═════ DATA FOR THE TASK
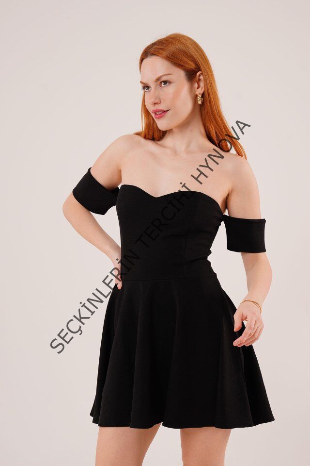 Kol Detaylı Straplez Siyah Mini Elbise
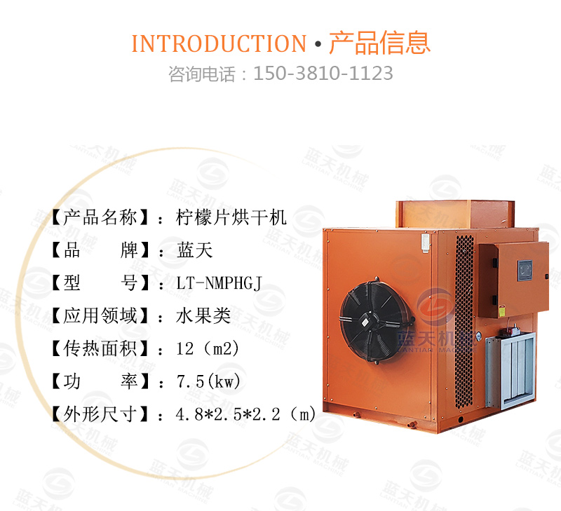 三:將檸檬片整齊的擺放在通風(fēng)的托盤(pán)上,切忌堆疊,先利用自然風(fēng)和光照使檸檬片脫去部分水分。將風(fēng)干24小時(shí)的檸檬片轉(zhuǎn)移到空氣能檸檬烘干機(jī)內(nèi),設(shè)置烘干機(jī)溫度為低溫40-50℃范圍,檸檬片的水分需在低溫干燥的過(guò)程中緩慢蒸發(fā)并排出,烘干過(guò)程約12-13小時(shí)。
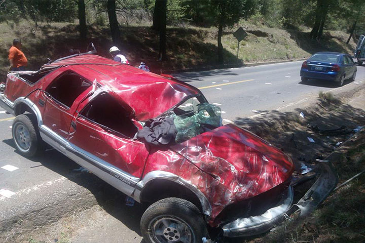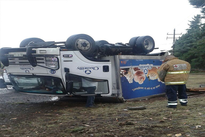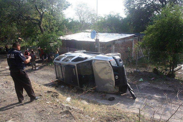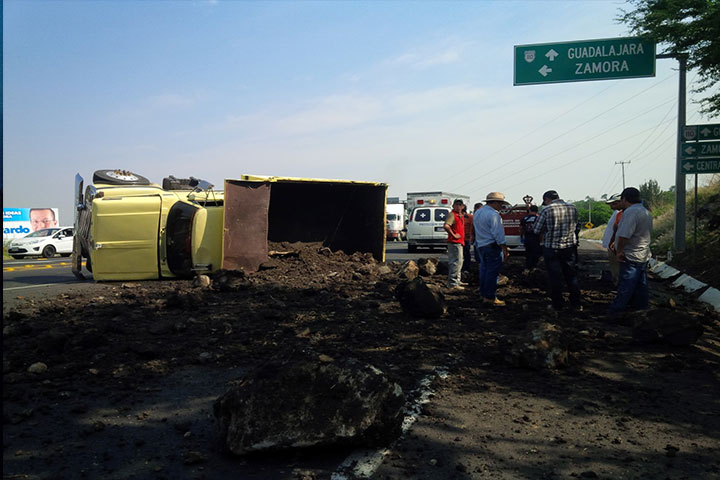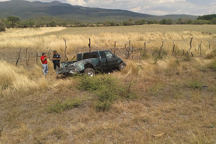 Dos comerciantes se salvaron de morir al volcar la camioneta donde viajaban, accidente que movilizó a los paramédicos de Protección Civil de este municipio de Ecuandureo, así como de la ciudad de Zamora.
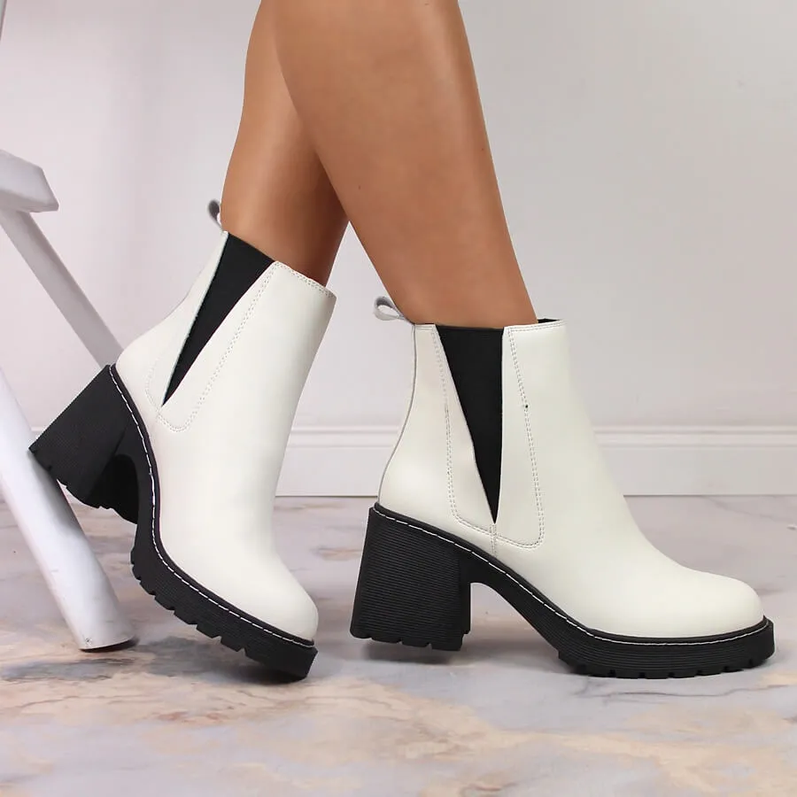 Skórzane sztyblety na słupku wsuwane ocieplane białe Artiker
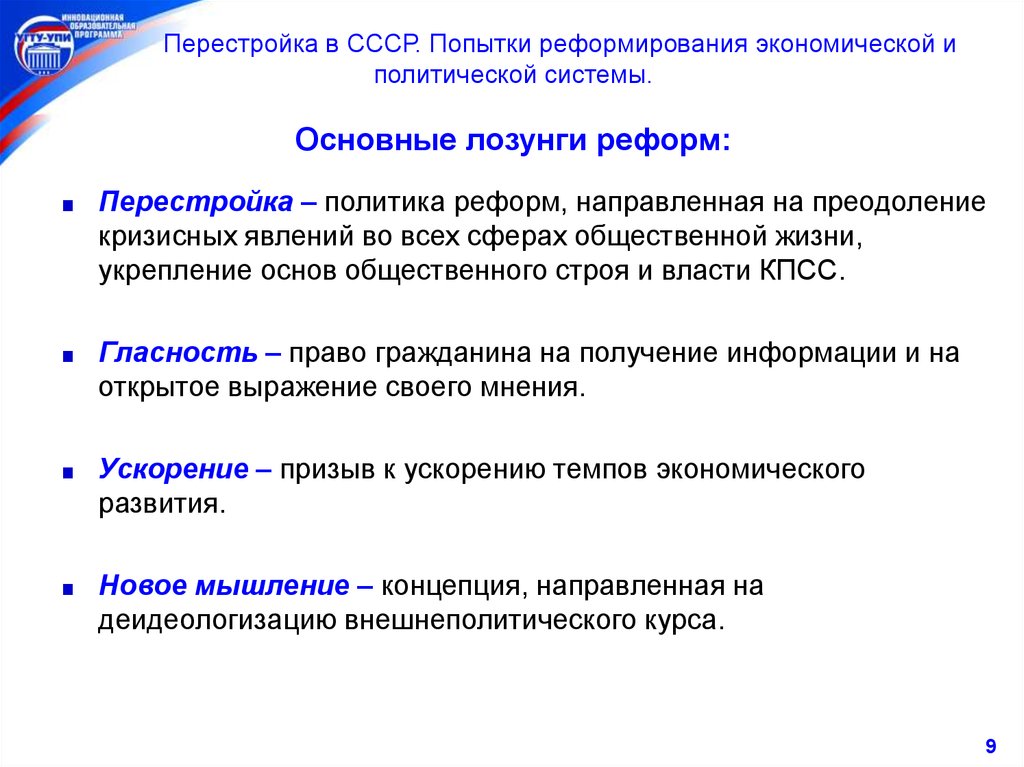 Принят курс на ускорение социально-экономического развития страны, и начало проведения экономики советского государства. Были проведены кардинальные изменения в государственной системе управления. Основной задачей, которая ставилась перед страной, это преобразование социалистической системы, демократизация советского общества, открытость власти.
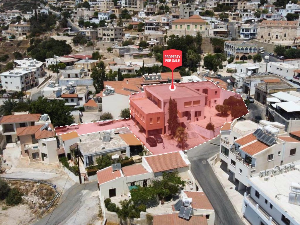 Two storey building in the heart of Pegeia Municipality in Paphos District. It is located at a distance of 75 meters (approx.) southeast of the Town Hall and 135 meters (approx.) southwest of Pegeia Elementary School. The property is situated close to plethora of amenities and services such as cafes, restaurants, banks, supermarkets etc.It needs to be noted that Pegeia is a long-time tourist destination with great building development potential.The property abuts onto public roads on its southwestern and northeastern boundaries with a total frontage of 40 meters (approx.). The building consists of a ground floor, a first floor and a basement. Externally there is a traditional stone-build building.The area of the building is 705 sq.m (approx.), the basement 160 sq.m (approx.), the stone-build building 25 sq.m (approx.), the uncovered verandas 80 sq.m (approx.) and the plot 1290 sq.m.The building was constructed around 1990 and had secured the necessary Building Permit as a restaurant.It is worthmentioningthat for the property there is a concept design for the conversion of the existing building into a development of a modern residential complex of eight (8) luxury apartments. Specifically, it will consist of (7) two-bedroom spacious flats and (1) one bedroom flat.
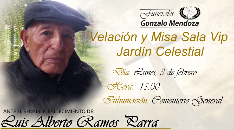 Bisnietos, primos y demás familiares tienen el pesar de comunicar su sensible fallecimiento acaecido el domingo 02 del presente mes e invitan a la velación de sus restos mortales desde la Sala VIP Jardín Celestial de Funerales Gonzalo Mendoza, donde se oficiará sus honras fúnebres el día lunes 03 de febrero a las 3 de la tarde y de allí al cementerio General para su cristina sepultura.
══════════
═════ DATA FOR THE TASK
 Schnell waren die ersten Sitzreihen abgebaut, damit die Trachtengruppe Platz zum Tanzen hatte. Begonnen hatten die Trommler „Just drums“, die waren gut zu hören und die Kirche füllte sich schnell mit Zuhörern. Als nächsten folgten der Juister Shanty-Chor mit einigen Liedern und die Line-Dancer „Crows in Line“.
══════════
═════ DATA FOR THE TASK
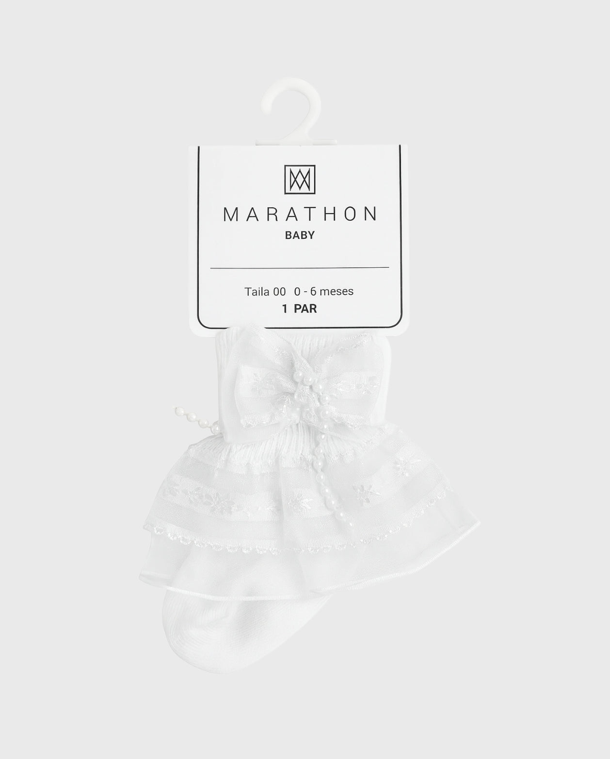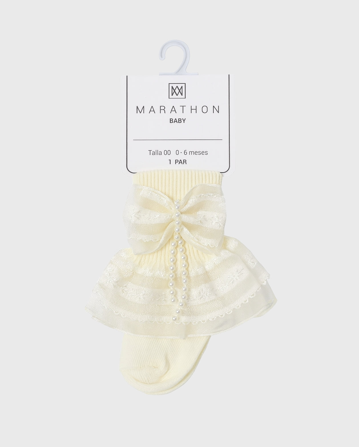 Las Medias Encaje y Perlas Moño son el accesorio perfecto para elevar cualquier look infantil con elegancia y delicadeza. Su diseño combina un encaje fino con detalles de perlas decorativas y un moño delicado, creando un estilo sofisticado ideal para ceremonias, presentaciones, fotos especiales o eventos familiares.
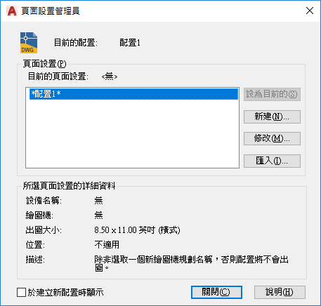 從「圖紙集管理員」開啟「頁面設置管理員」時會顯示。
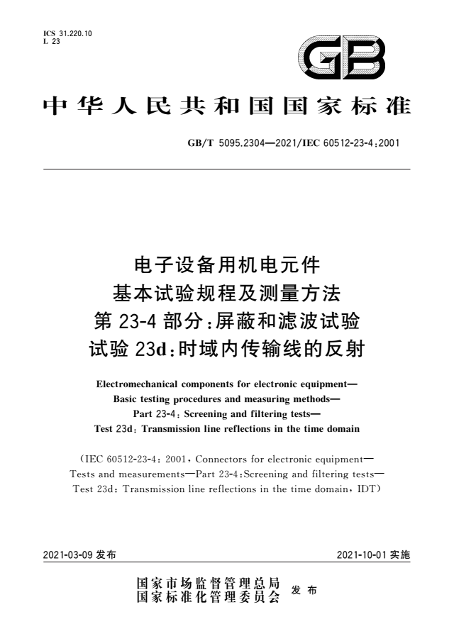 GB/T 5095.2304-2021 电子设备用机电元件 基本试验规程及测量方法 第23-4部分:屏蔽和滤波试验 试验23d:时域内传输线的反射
══════════
== WHAT IS REQUIRED ==
Give back exactly the lines above from the one with "從「圖紙集管理員」開啟「頁面設置管理員」時會顯示。" through the one with "GB/T 5095.2304-2021 电子设备用机电元件", both included. Pictures don't belong in the copy.

== OUTPUT FOR THIS TASK ==
 從「圖紙集管理員」開啟「頁面設置管理員」時會顯示。
 GB/T 5095.2304-2021 电子设备用机电元件 基本试验规程及测量方法 第23-4部分:屏蔽和滤波试验 试验23d:时域内传输线的反射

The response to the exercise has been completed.